:: WHAT THE TASK REQUIRES ::
The lines to output run from the first line of the entries below through the line containing "At a Great PriceLabradorite"; copy them exactly and leave out pictures.

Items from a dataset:
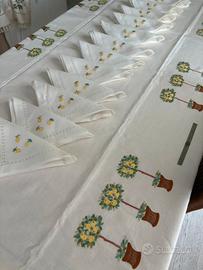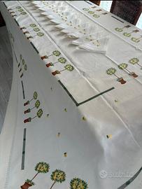 Finissima Tovaglia in Lino Italiano interamente ricamata a mano ,con colori e sogetti tipici amalfitani, finemente rifinita con punto gigliuccio
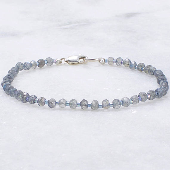 At a Great PriceLabradorite Bracelet, Dainty Bracelet, Stacking Bracelet, Gray Beaded Bracelet, Gemstone Bracelet, Womens Gift, Gift for Her 3mm Code- WAR6542
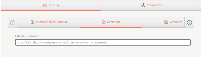Na Exibição de detalhes dos itens no Console de administração do ASMS, selecione o ícone Conteúdo Ao lidar com um artigo externo, esta guia exibirá um campo para inserir o link do artigo.
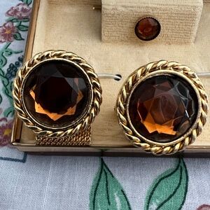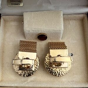 Wonderful pair of vintage cuff links and matching tie pin in original box. Deep dark caramel coloured stones set in gold tone metal mesh finish. Fully operational.
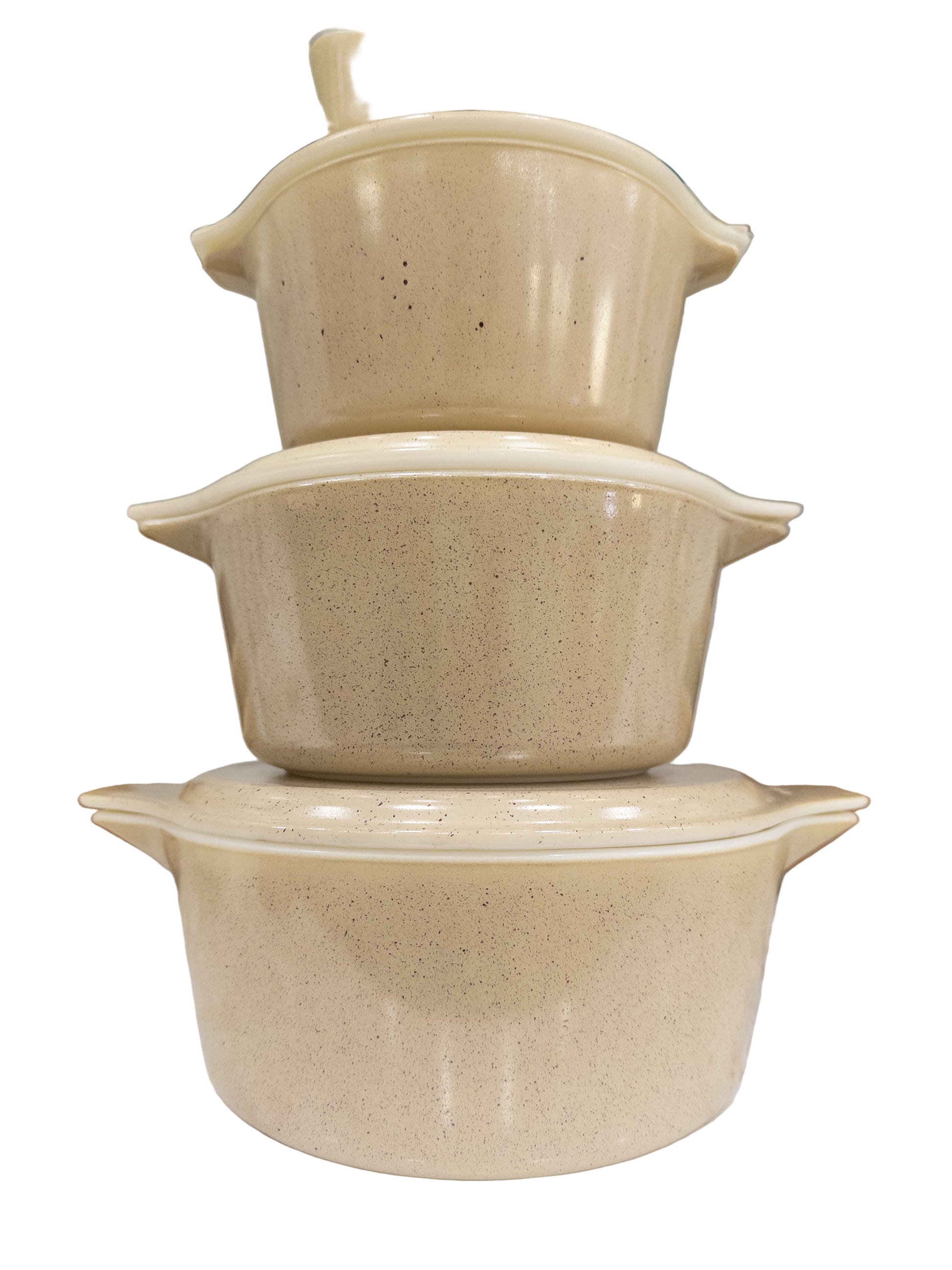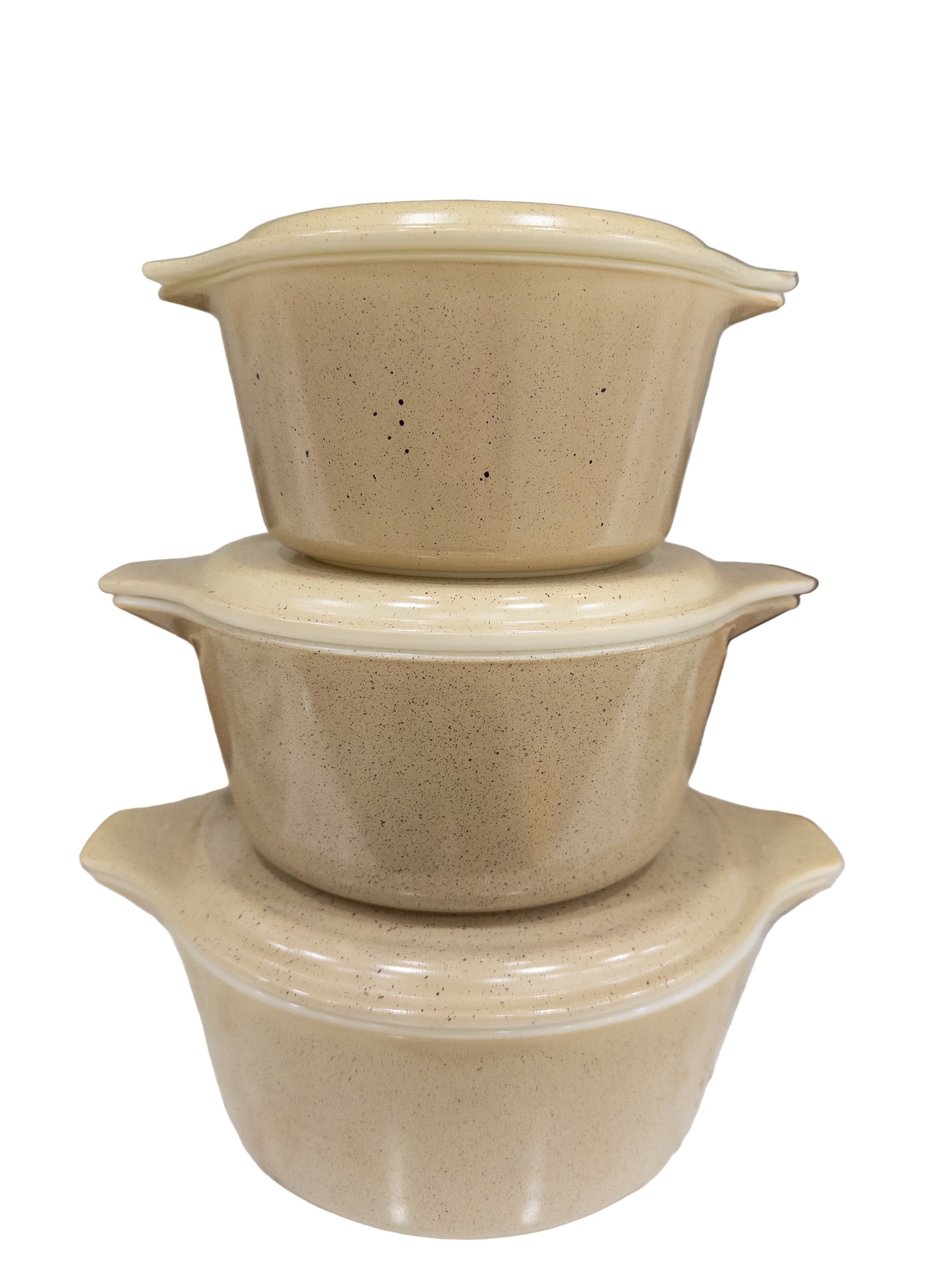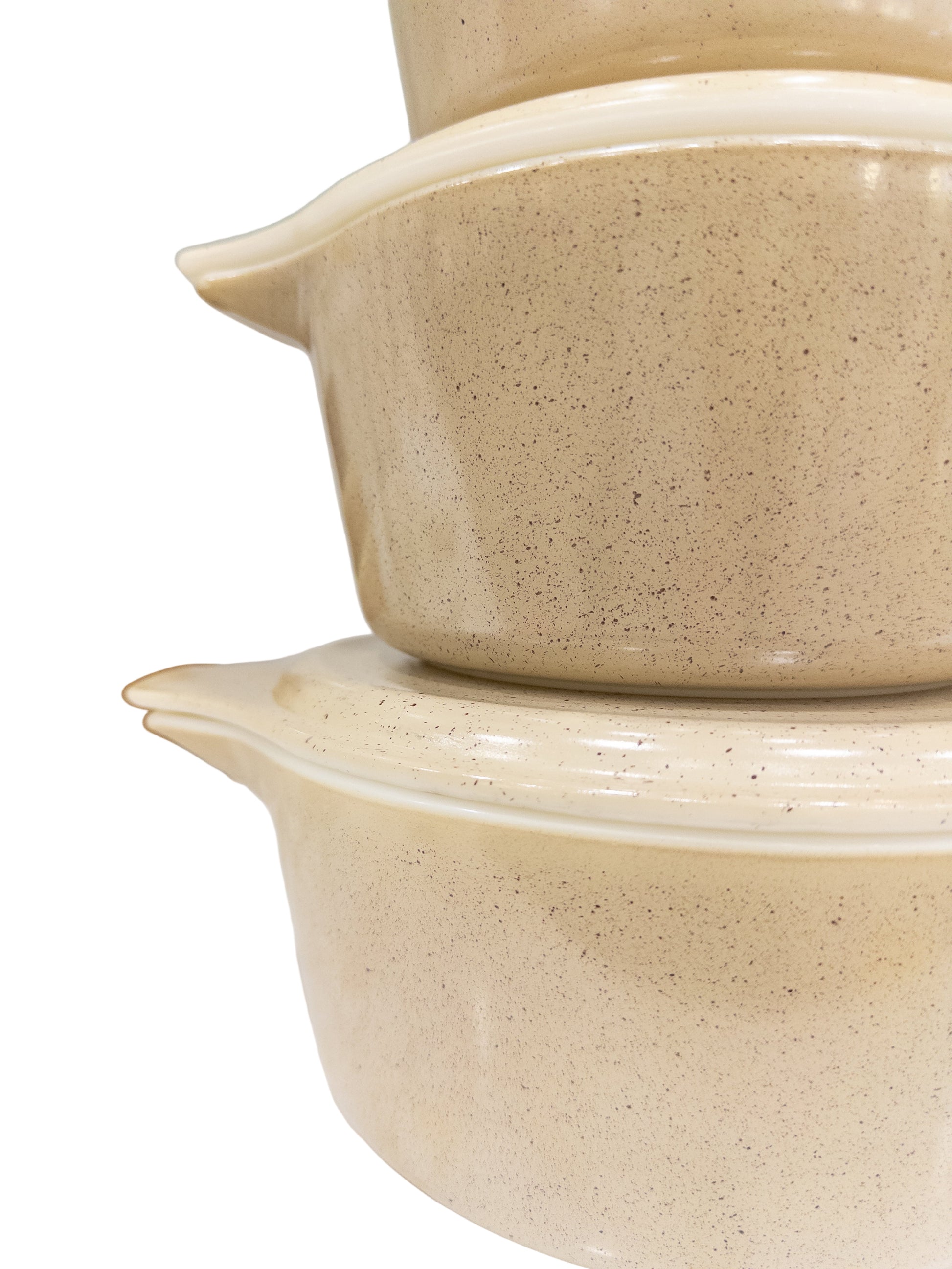 Vintage Pyrex Homestead Brown Speckled Casserole Dishes W/ Lids, Set Of 3

:: SOLUTION ::
 Finissima Tovaglia in Lino Italiano interamente ricamata a mano ,con colori e sogetti tipici amalfitani, finemente rifinita con punto gigliuccio
 At a Great PriceLabradorite Bracelet, Dainty Bracelet, Stacking Bracelet, Gray Beaded Bracelet, Gemstone Bracelet, Womens Gift, Gift for Her 3mm Code- WAR6542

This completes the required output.